Editor’s message: Groundwater modeling fantasies—part 2, down to earth
- First Online:
- Cite this article as:
- Voss, C.I. Hydrogeol J (2011) 19: 1455. doi:10.1007/s10040-011-0790-6
Message de l’Editeur: Modelé souterrain imprévisible de l’eau—2ème partie, considérations réalistes
Mensaje del editor: Fantasías de la modelación del agua subterránea—parte 2, con los pies sobre la tierra
Mensagem do Editor: Fantasias da modelação de águas subterrâneas—parte 2, com os pés na terra
Simplicity is the final achievement.

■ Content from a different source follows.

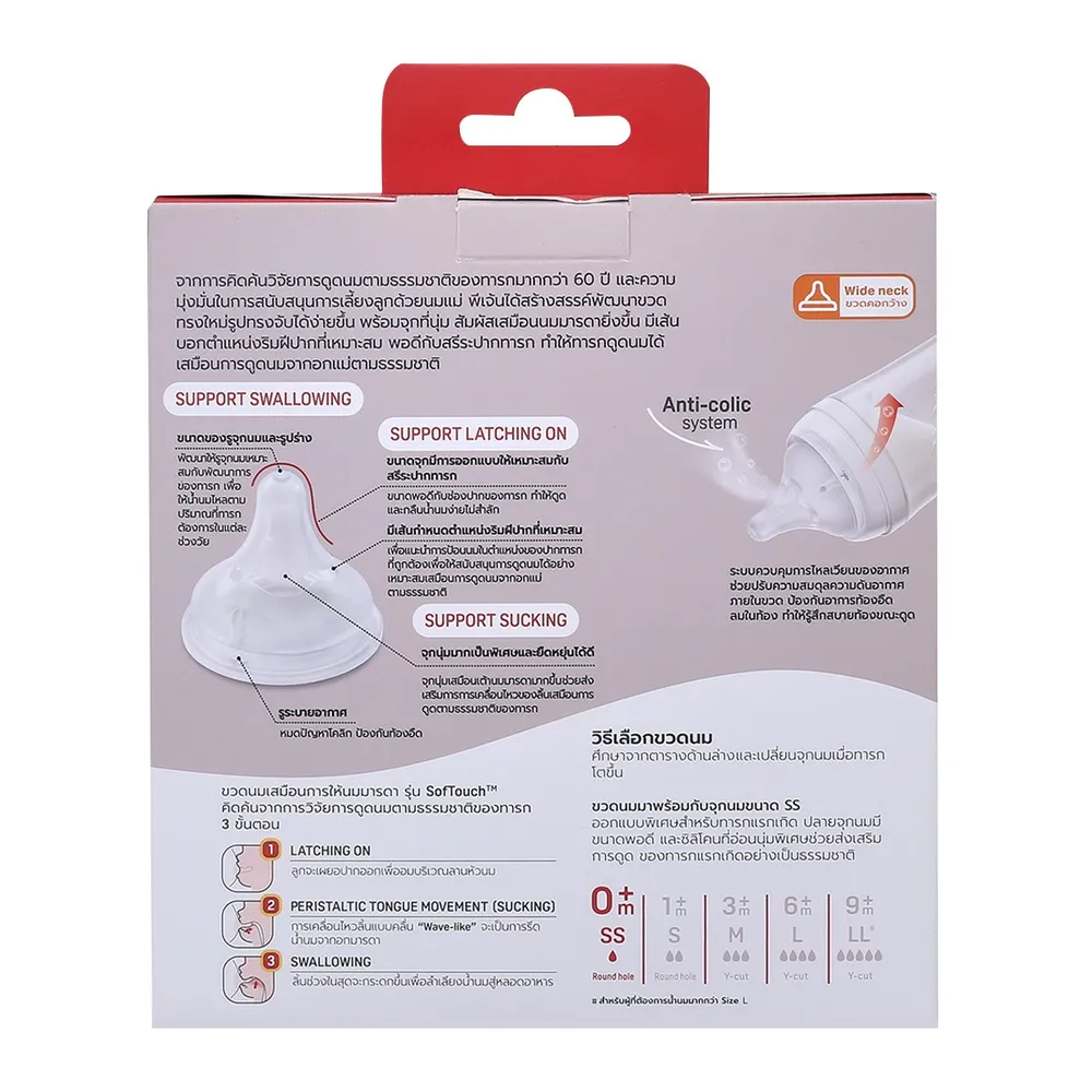 - มาพร้อมกับจุกนมซอฟท์ทัช ขนาด SS สำหรับเด็กอายุ 0 เดือนขึ้นไป<br />

After one has played a vast quantity of notes and more notes, it is simplicity that emerges as the crowning reward of art. (Frédéric Chopin, a musician and composer, quoted in If Not God, Then What? by Fost 2007)

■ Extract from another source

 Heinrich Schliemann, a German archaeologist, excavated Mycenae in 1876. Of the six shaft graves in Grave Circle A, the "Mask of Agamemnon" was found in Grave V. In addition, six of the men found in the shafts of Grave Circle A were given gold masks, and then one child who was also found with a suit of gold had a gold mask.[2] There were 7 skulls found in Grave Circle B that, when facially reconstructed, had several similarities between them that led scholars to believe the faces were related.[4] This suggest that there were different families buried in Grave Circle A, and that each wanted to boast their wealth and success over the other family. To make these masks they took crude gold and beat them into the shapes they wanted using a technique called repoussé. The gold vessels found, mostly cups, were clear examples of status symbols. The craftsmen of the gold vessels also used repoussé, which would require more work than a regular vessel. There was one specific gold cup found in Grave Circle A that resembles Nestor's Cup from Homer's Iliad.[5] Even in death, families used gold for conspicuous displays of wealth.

Despite the dubious developments discussed in part 1 of this Editor’s Message (Voss 2011), groundwater modeling really does represent the state of the art in hydrogeology, and groundwater modeling is in fact one of our most powerful tools for enhancing hydrogeologic understanding and for informing management of subsurface resources, at least when in the hands of competent hydrologists.
Automatic estimation foibles and simplification
Creating a model structure and determining values of model parameters is not a science, but rather an intuitive exercise, hopefully carried out with some wisdom concerning how natural systems function. Whether warranted or not, whether useful or not, parameter estimation has become a major part of model creation and this evolution has been fueled by the recent wide availability of automatic estimation software. In some sense, this wide availability has promulgated greater fallacious use of groundwater models. Automatic estimation software is truly a wonderful convenience when used properly, but it is no more than a convenience—and it should not be the primary objective of a modeling analysis to use it.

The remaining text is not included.